» **DATA SHOWN**
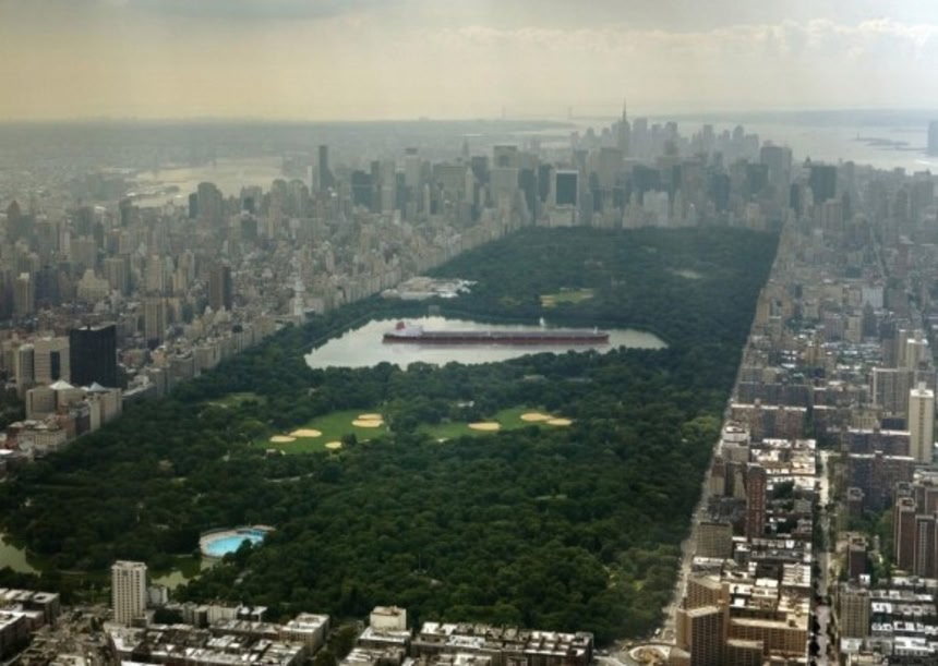 この画像を大きなサイズで見る全長およそ458mの巨大な石油タンカー「ノック・ネヴィス」を米ニューヨークのセントラルパーク内の大きな人工湖に浮かべてみた。湖の余裕は前後100mほどしか残らないという。
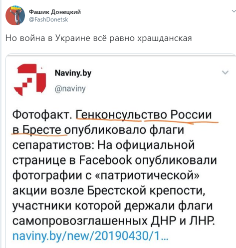 Генеральное консульство России в Бресте (Беларусь) опубликовало пост о международном мотопробеге "Дороги Победы - на Берлин 2019 год", прикрепив под ним фото с "флагами" псевдо республик ЛДНР.
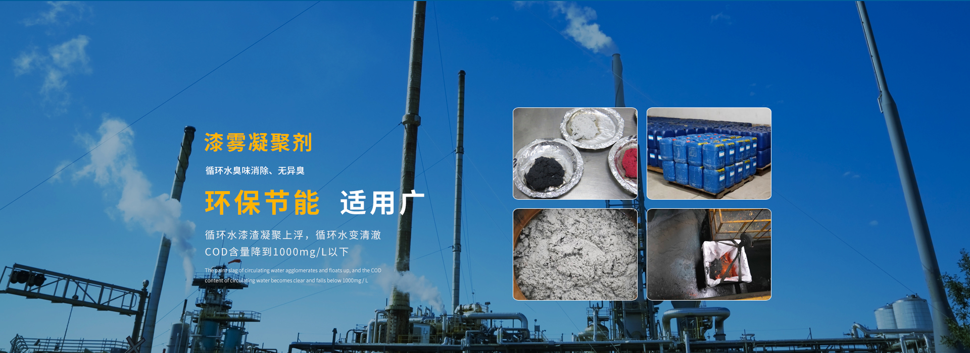 漆霧凝聚劑由破粘劑和絮凝劑組成,破粘劑大多由中等分子量的陽(yáng)離子聚合物組成,電荷極高,對(duì)漆滴能產(chǎn)生很強(qiáng)的吸引力,當(dāng)漆滴被“捕捉”吸附后它利用二極不同的親和性將漆滴完全包裹,并穿透漆滴,破壞涂料的功能基團(tuán),使其完全消除粘性,并帶動(dòng)被包裹破粘的漆滴上浮。絮凝劑大多由分子量幾千萬(wàn)的聚合物組成,通過(guò)在分子之間的“架橋”作用,聚集被破壞的漆霧和雜質(zhì)成較大的基團(tuán),使其堅(jiān)固和粘合,增強(qiáng)機(jī)械脫水的效率。絮凝劑還可中和系統(tǒng)電荷,保持系統(tǒng)中的離子平衡,且分子量較大,使凝集基團(tuán)在系統(tǒng)中上浮速度加快,并結(jié)成漆渣浮于水面。
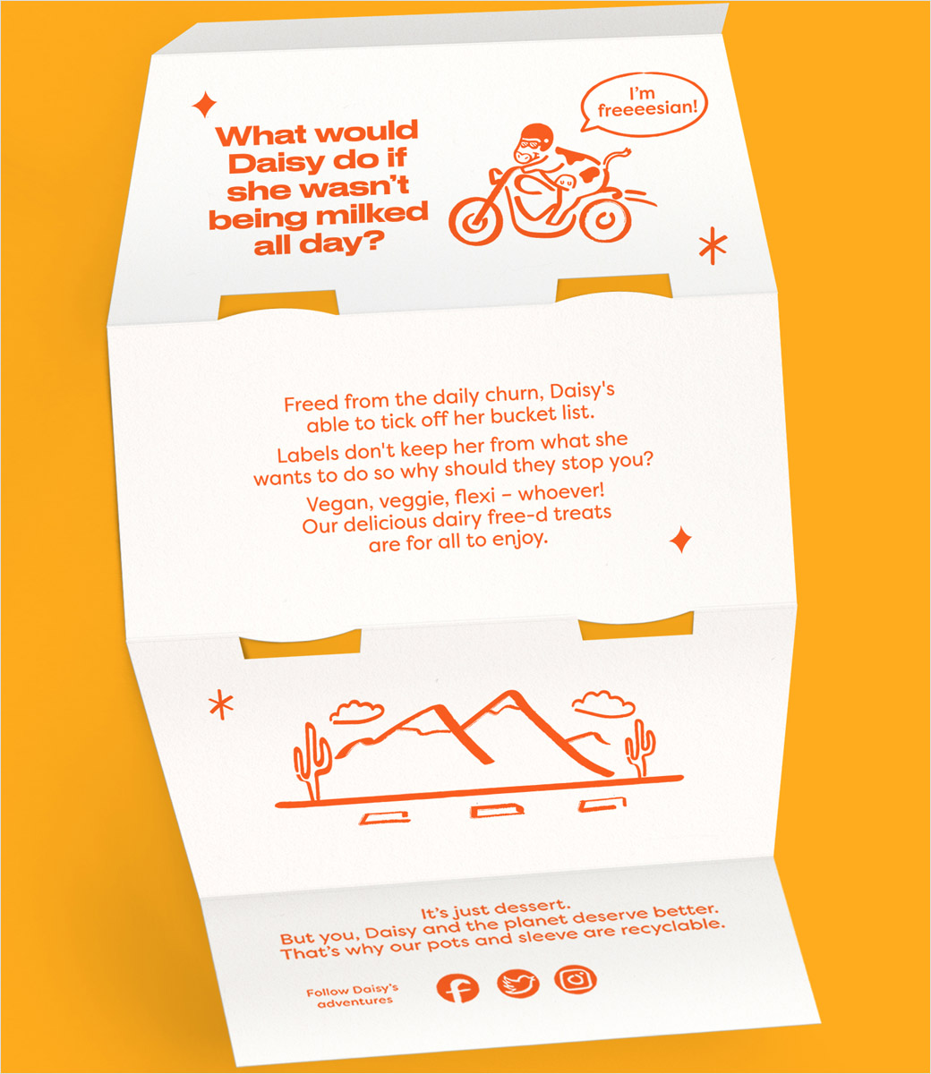 包装上的身份由 Robot Food 初级设计师 Ryley Devine 在内部说明,从产品到产品的变化,描绘奶牛黛西“从她的遗愿清单上打勾”。

» **ASSIGNMENT**
A word-for-word copy of the data, without its pictures, is what is needed.

» **ANSWER SECTION**
 この画像を大きなサイズで見る全長およそ458mの巨大な石油タンカー「ノック・ネヴィス」を米ニューヨークのセントラルパーク内の大きな人工湖に浮かべてみた。湖の余裕は前後100mほどしか残らないという。
 Генеральное консульство России в Бресте (Беларусь) опубликовало пост о международном мотопробеге "Дороги Победы - на Берлин 2019 год", прикрепив под ним фото с "флагами" псевдо республик ЛДНР.
 漆霧凝聚劑由破粘劑和絮凝劑組成,破粘劑大多由中等分子量的陽(yáng)離子聚合物組成,電荷極高,對(duì)漆滴能產(chǎn)生很強(qiáng)的吸引力,當(dāng)漆滴被“捕捉”吸附后它利用二極不同的親和性將漆滴完全包裹,并穿透漆滴,破壞涂料的功能基團(tuán),使其完全消除粘性,并帶動(dòng)被包裹破粘的漆滴上浮。絮凝劑大多由分子量幾千萬(wàn)的聚合物組成,通過(guò)在分子之間的“架橋”作用,聚集被破壞的漆霧和雜質(zhì)成較大的基團(tuán),使其堅(jiān)固和粘合,增強(qiáng)機(jī)械脫水的效率。絮凝劑還可中和系統(tǒng)電荷,保持系統(tǒng)中的離子平衡,且分子量較大,使凝集基團(tuán)在系統(tǒng)中上浮速度加快,并結(jié)成漆渣浮于水面。
 包装上的身份由 Robot Food 初级设计师 Ryley Devine 在内部说明,从产品到产品的变化,描绘奶牛黛西“从她的遗愿清单上打勾”。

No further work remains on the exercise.